*Information provided*:
[Start of section]

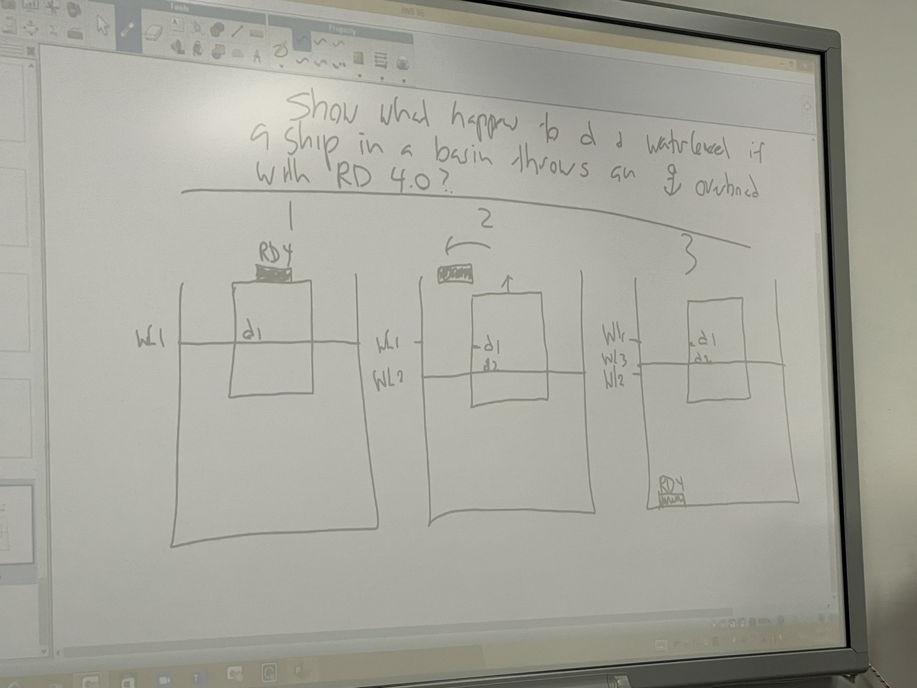 See example attched: what happens to the draft and water level when throwing an anchor out while in a basin?
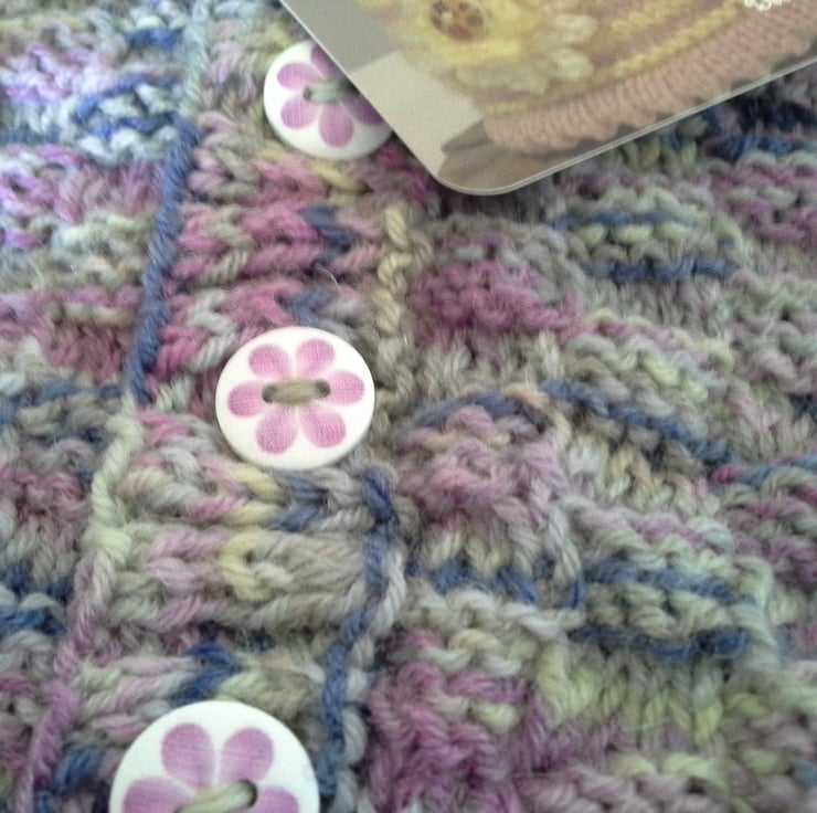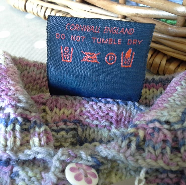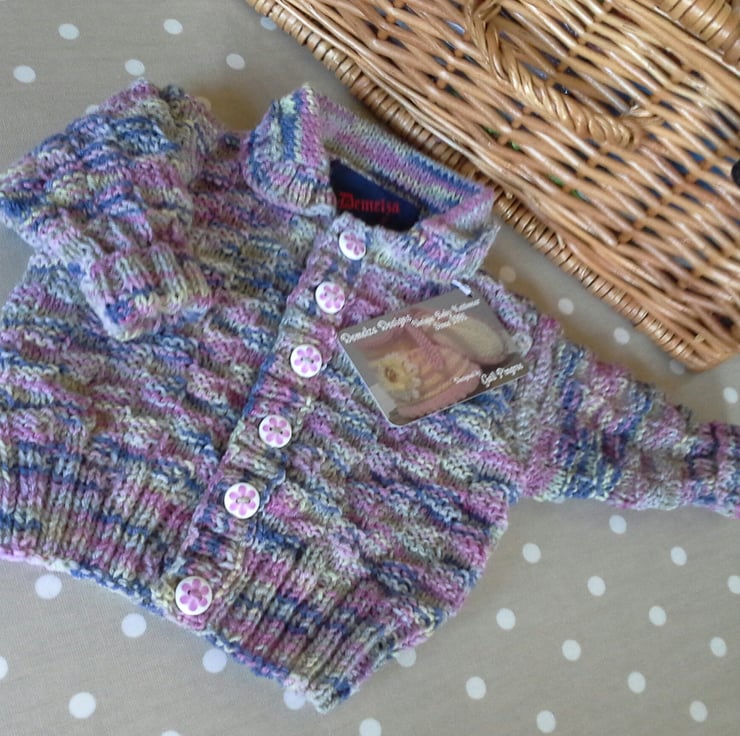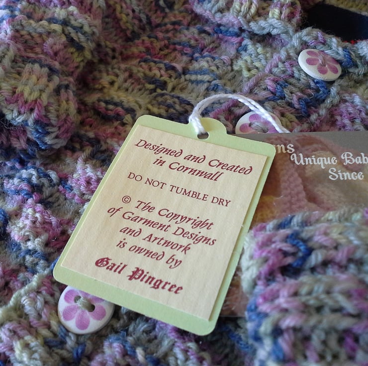 A unique baby girl's hand knitted cardigan designed and made in Cornwall using quality branded soft machine washable yarns. The yarn has a luxery content of 35% Marino Wool for added warmth with a 75% quality acrylic mix for practical everyday washing. The buttons are made from genuine wood with a delicate flower design on them. The cardigan also has the luxury satin woven Demelza Designs garment label attached to the back neck edge with the care instructions woven on the reverse side for lasting reference and as proof of it's origins if gifting. The Demelza garment swing tag will be attached prior to dispatching.
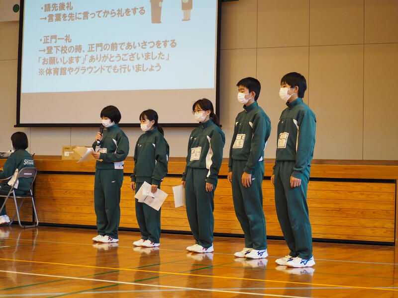 本日、朝活動の時間に「放送による生徒集会」を実施しました。内容は、先日実施した各学年の代表による生徒総会の振り返りの発表等を行いました。コロナ感染も増加傾向ですので、今後も内容によっては、放送やリモートを使った集会等も実施していく予定です。
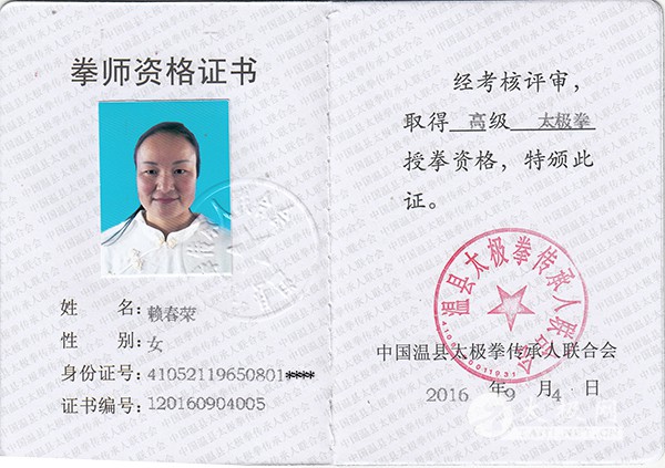 赖春荣,中国武术会员,郑州市武术协会会员,辅导员,二级拳师,国家体育指导员,中国武术五段。多次被评为优秀辅导员,优秀辅导站站长。 早期曾跟少林寺刘德友老师弟子李亚东学习长拳,散打,跟国家一级裁判赵春生学习长拳,跟民间老师学习众多武术套路,以取众家之长。 2004年在郑州文化公园跟刘书纯老师学习陈式太极拳,器械,学习陈式太极拳小架一路,二路,老架一路,二路,陈式单剑,推手,并帮助老师担任教练员,辅导员,起着骨干作用。 2005年在郑州市演武大会上获太极拳械第二名。 2006年10月在郑州市太极拳交流大赛中获42式拳,剑各第一名。 2007年在郑州市商行杯太极拳锦标赛中获集体拳术,器械各二等奖。2007年分别获两块银牌。 2009年10月在郑州市第七届运伟10月在河南省武协主席陈沛菊老师,开封市武协主席石磊老师和郑州市武协主任李伟,金水区武协主任陈兰英老师的见证下,举行了纪念陈鑫宗师诞辰160周年仪式上,拜刘书纯老师为师。 今后我一定勤学苦练,为传承和发展中华太极拳多做贡献。 |

[End of section]

Only the pictures are to be left out; the rest of the material above should be printed verbatim.

*Answer space*:
 See example attched: what happens to the draft and water level when throwing an anchor out while in a basin?
 A unique baby girl's hand knitted cardigan designed and made in Cornwall using quality branded soft machine washable yarns. The yarn has a luxery content of 35% Marino Wool for added warmth with a 75% quality acrylic mix for practical everyday washing. The buttons are made from genuine wood with a delicate flower design on them. The cardigan also has the luxury satin woven Demelza Designs garment label attached to the back neck edge with the care instructions woven on the reverse side for lasting reference and as proof of it's origins if gifting. The Demelza garment swing tag will be attached prior to dispatching.
 本日、朝活動の時間に「放送による生徒集会」を実施しました。内容は、先日実施した各学年の代表による生徒総会の振り返りの発表等を行いました。コロナ感染も増加傾向ですので、今後も内容によっては、放送やリモートを使った集会等も実施していく予定です。
 赖春荣,中国武术会员,郑州市武术协会会员,辅导员,二级拳师,国家体育指导员,中国武术五段。多次被评为优秀辅导员,优秀辅导站站长。 早期曾跟少林寺刘德友老师弟子李亚东学习长拳,散打,跟国家一级裁判赵春生学习长拳,跟民间老师学习众多武术套路,以取众家之长。 2004年在郑州文化公园跟刘书纯老师学习陈式太极拳,器械,学习陈式太极拳小架一路,二路,老架一路,二路,陈式单剑,推手,并帮助老师担任教练员,辅导员,起着骨干作用。 2005年在郑州市演武大会上获太极拳械第二名。 2006年10月在郑州市太极拳交流大赛中获42式拳,剑各第一名。 2007年在郑州市商行杯太极拳锦标赛中获集体拳术,器械各二等奖。2007年分别获两块银牌。 2009年10月在郑州市第七届运伟10月在河南省武协主席陈沛菊老师,开封市武协主席石磊老师和郑州市武协主任李伟,金水区武协主任陈兰英老师的见证下,举行了纪念陈鑫宗师诞辰160周年仪式上,拜刘书纯老师为师。 今后我一定勤学苦练,为传承和发展中华太极拳多做贡献。 |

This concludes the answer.